Tra i calciatori ad aver raggiunto il traguardo delle cento presenze in rossoblu c’è Maurizio “Ramon” Turone, che sulla fascia aveva fatto impazzire i tifosi del Grifone a cavallo tra anni Sessanta e Settanta, condendo le sue prestazioni anche con nove gol. Proprio col Genoa esordì fra i professionisti nel 1968 e vi rimase per quattro anni scanditi tra Serie B e Serie C. Oggi lo abbiamo raggiunto telefonicamente, lui che di Coppe Italia se ne intende (ne ha vinte due con la maglia del Milan e due con la casacca della Roma), per farci raccontare cosa fosse per lui un derby della Lanterna.

Di derby ne ha giocati e sa cosa significa giocarli. Cos’è il derby di Genova?
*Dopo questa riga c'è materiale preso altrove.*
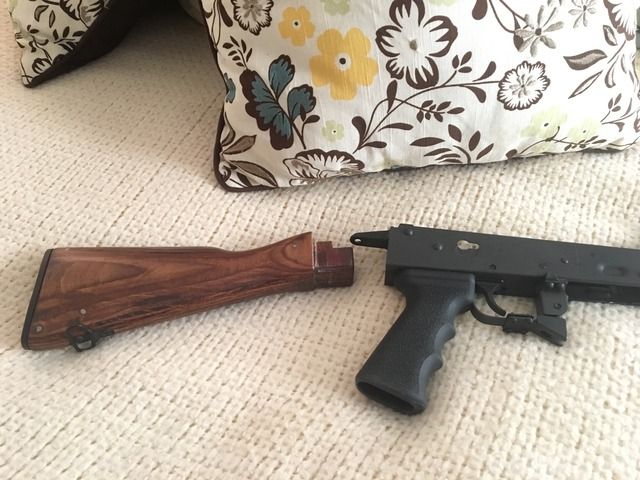 I'm new to AKs and I decided to swap out the buttstock on my AK from a black polymer to a wood laminate stock. I knew that the new stock would need some fit and finish. However, as I seated the wood stock, it stopped short and is now firmly stuck. I tried leveraging it back out by sticking a screwdriver down into the hole at the front; but, it's not moving and I don't want to bust the tool or break the end of the stock. I'm not sure if I need to go out and get a rubber mallet; though, I'm not sure how well that would work at this point as she's decided she ain't moving. Or perhaps there is another way.

“È unico, e lo è per tanti motivi. Si sente più che da altre parti: la città è più piccola, ma io ho fatto anche quelli di Milano e Roma, e quello di Genova è unico. Bisogna viverlo, bisogna giocarlo per provare che cosa sia”. 

Questo derby sarà particolare: in palio una qualificazione anziché i tre punti. Come preparavate ai vostri tempi questa partita? E cosa può cambiare dal preparare un derby di campionato rispetto a uno di Coppa?

“Non cambia assolutamente nulla. Resta una partita di calcio. Forse si sente di più la gara di campionato perché in città quando vai in giro ne senti parlare maggiormente. Aspettando la partita, però, si sa per che cosa si va a giocare: che sia Coppa o campionato non cambia. A me quantomeno faceva questo effetto: magari ad altri, non so, tremavano le gambe. Aneddoti legati a questa partita? Non ne ho particolari. Ma soprattutto ricordo questa partita come una gara che non si preparava in maniera tanto differente da come si preparavano solitamente le partite.

In molti ricordano quel suo gol in un altro derby, quello con l’Entella: partì dalla sua area e arrivò direttamente in quella avversaria…

Beh, da un’area all’altra lo facevo spesso (sorride, ndr). In quel caso lì ho calciato e la palla è andata all’incrocio. Niente di particolare. Piuttosto, faccio un in bocca al lupo a tutto il Genoa!”.